>>>

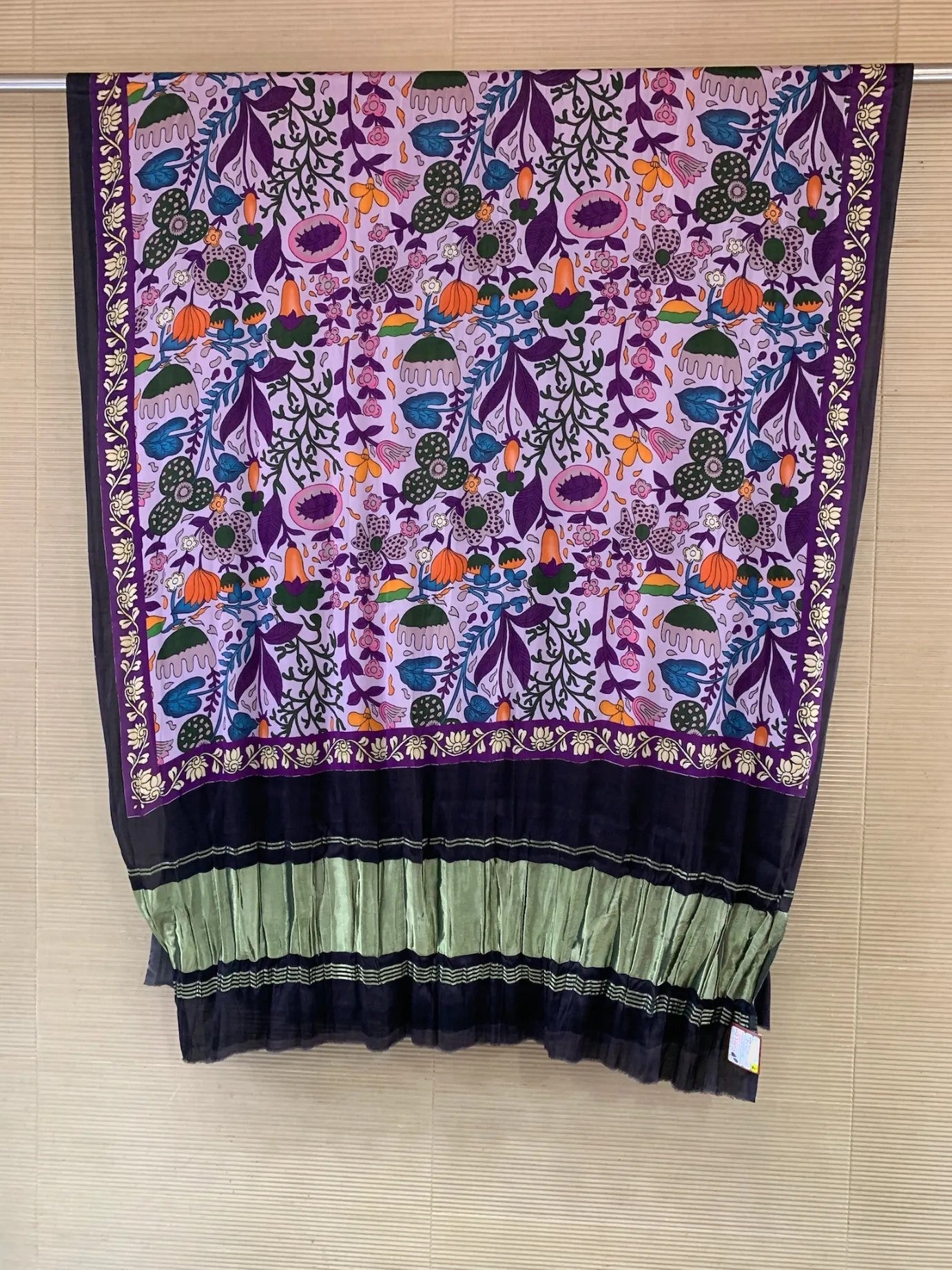 Lavender Colour Floral Digital Print on Modal Gaji Silk Dupatta With Lagdi Patta Border
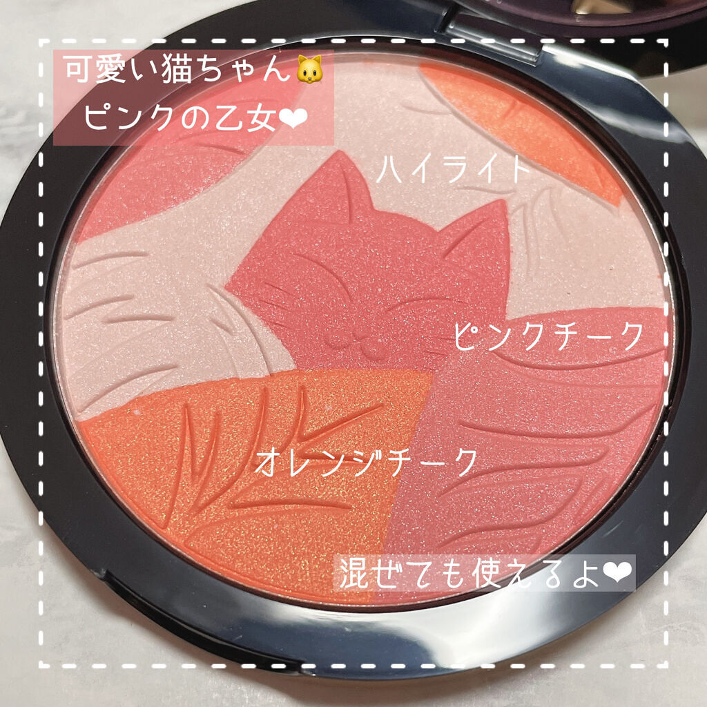 私が元気がないときに、大事なお友達がプレゼントしてくれた猫ちゃんチーク…🐱💕 自然できめ細かい! なめらかな粉質で、綺麗にフィット。 使いやすい配色! 柔らかな色味で使いやすく、肌の奥から血色感のあるような頬に。 立体顔が作れる! チーク、ハイライトを組み合わせて立体的な小顔に。 箱のパッケージがまず高級感があって綺麗🥺 フタはマグネットになっているので開け閉め簡単! 開けると中にも猫ちゃんが〜!!!!!!💕 使いたい〜!でももったいない〜!! もったいない気持ちが勝ってしまって、 触ることも出来ずスウォッチはできませんでした💦 でも塗ったら絶対可愛いやつですよこれは… 使うたびに猫ちゃんパワーをもらえそうです🥰 プレゼントしてくれてほんとうにありがとう〜! 01もオレンジが入っていてとっても可愛いカラーなので ぜひぜひチェックしてみてくださいね🐱♡
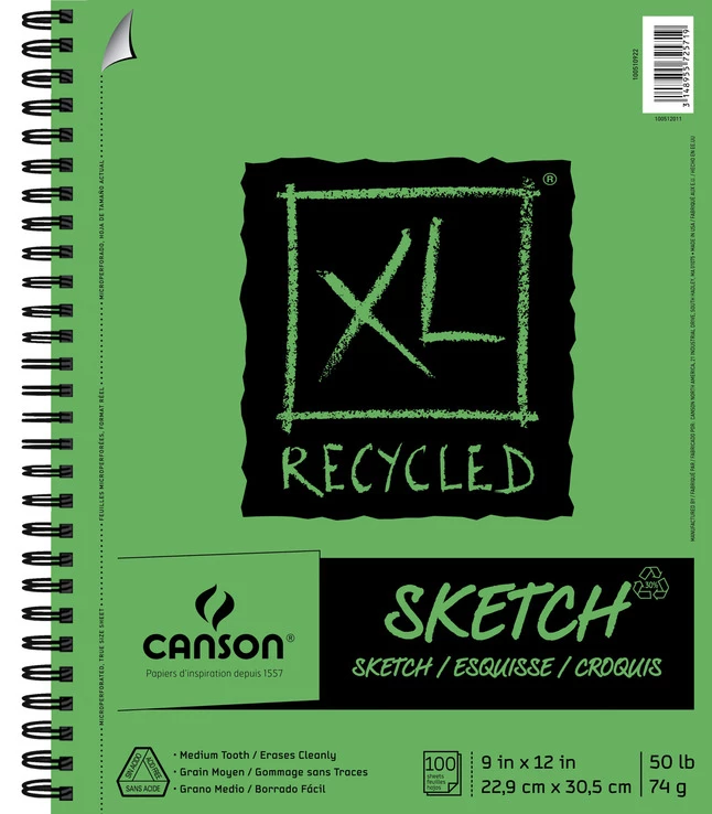 Canson XL Recycled Sketch paper contains 30% post-consumer content and erases cleanly. Medium-tooth paper is ideal for pencil or pen and ink. Wire-bound pad contains true-size, microperforated sheets. 50 lb. Pad measures 9 x 12 inches and contains 100 sheets.
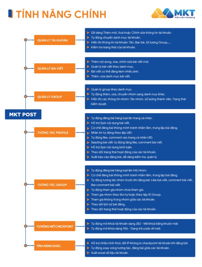 I. Các tính năng chính của phần mềm đăng bài quảng cáo Facebook – MKT POST.
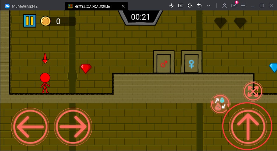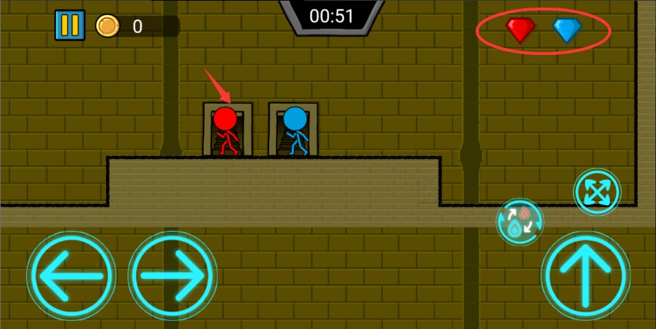 3、当红蓝角色共同收集足够数量的钻石后,协作开启终点大门,同时进入即可成功完成关卡挑战。
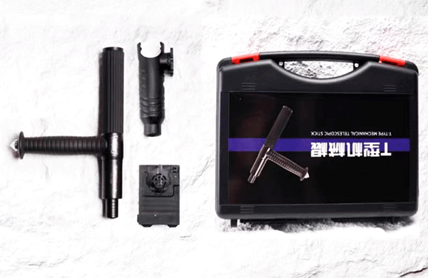 T型警棍又稱拐式警棍、丁字棍,通常采用工程塑料或高強度合金鋼等材質,由棍體及T型端組成,棍體分為握持端和擊打端,整體呈T字形。通過獨特設計,使其兼具攻擊與防御功能,是警務人員常用的制服、自衛、自救制式警械。
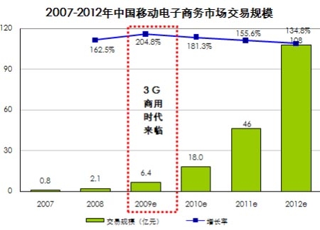 根據艾瑞咨詢即將發(fā)布的《2008-2009年中國移動電子商務行業(yè)發(fā)展報告》數據表明,08年中國移動電子商務市場交易規(guī)模為2.1億元,09年隨著3G商用時代到來,以及無線與傳統(tǒng)電子商務企業(yè)的紛紛試水,預計交易規(guī)模將達6.4億,同比增長約205%。艾瑞預計2012年移動電子商務交易規(guī)模將達到108億元,發(fā)展?jié)摿薮蟆?br />
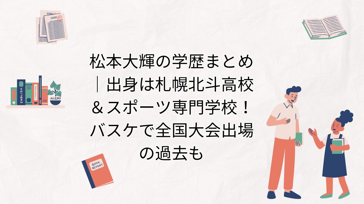 松本さんの出身高校は「札幌北斗高等学校」です。北海道札幌市にある公立高校で、進学・就職どちらにも対応したカリキュラムを提供している学校として知られています。
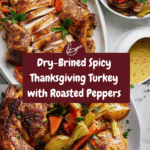 This dry-brined Thanksgiving turkey with chiles offers a flavorful twist on a classic holiday favorite. The spicy, aromatic rub and roasted mixed peppers add depth and warmth, making it a standout centerpiece for your festive meal. Perfect for cooks looking to add a bit of heat and herbaceous notes to their turkey.
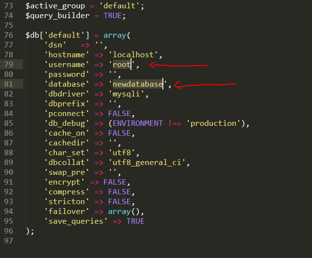 You can change username, password and database details that you created for the project in this file as shown below:

<<<

Pictures stay out; the records above are otherwise reproduced exactly.

■ Your solution:
 Lavender Colour Floral Digital Print on Modal Gaji Silk Dupatta With Lagdi Patta Border
 私が元気がないときに、大事なお友達がプレゼントしてくれた猫ちゃんチーク…🐱💕 自然できめ細かい! なめらかな粉質で、綺麗にフィット。 使いやすい配色! 柔らかな色味で使いやすく、肌の奥から血色感のあるような頬に。 立体顔が作れる! チーク、ハイライトを組み合わせて立体的な小顔に。 箱のパッケージがまず高級感があって綺麗🥺 フタはマグネットになっているので開け閉め簡単! 開けると中にも猫ちゃんが〜!!!!!!💕 使いたい〜!でももったいない〜!! もったいない気持ちが勝ってしまって、 触ることも出来ずスウォッチはできませんでした💦 でも塗ったら絶対可愛いやつですよこれは… 使うたびに猫ちゃんパワーをもらえそうです🥰 プレゼントしてくれてほんとうにありがとう〜! 01もオレンジが入っていてとっても可愛いカラーなので ぜひぜひチェックしてみてくださいね🐱♡
 Canson XL Recycled Sketch paper contains 30% post-consumer content and erases cleanly. Medium-tooth paper is ideal for pencil or pen and ink. Wire-bound pad contains true-size, microperforated sheets. 50 lb. Pad measures 9 x 12 inches and contains 100 sheets.
 I. Các tính năng chính của phần mềm đăng bài quảng cáo Facebook – MKT POST.
 3、当红蓝角色共同收集足够数量的钻石后,协作开启终点大门,同时进入即可成功完成关卡挑战。
 T型警棍又稱拐式警棍、丁字棍,通常采用工程塑料或高強度合金鋼等材質,由棍體及T型端組成,棍體分為握持端和擊打端,整體呈T字形。通過獨特設計,使其兼具攻擊與防御功能,是警務人員常用的制服、自衛、自救制式警械。
 根據艾瑞咨詢即將發(fā)布的《2008-2009年中國移動電子商務行業(yè)發(fā)展報告》數據表明,08年中國移動電子商務市場交易規(guī)模為2.1億元,09年隨著3G商用時代到來,以及無線與傳統(tǒng)電子商務企業(yè)的紛紛試水,預計交易規(guī)模將達6.4億,同比增長約205%。艾瑞預計2012年移動電子商務交易規(guī)模將達到108億元,發(fā)展?jié)摿薮蟆?br />
 松本さんの出身高校は「札幌北斗高等学校」です。北海道札幌市にある公立高校で、進学・就職どちらにも対応したカリキュラムを提供している学校として知られています。
 This dry-brined Thanksgiving turkey with chiles offers a flavorful twist on a classic holiday favorite. The spicy, aromatic rub and roasted mixed peppers add depth and warmth, making it a standout centerpiece for your festive meal. Perfect for cooks looking to add a bit of heat and herbaceous notes to their turkey.
 You can change username, password and database details that you created for the project in this file as shown below:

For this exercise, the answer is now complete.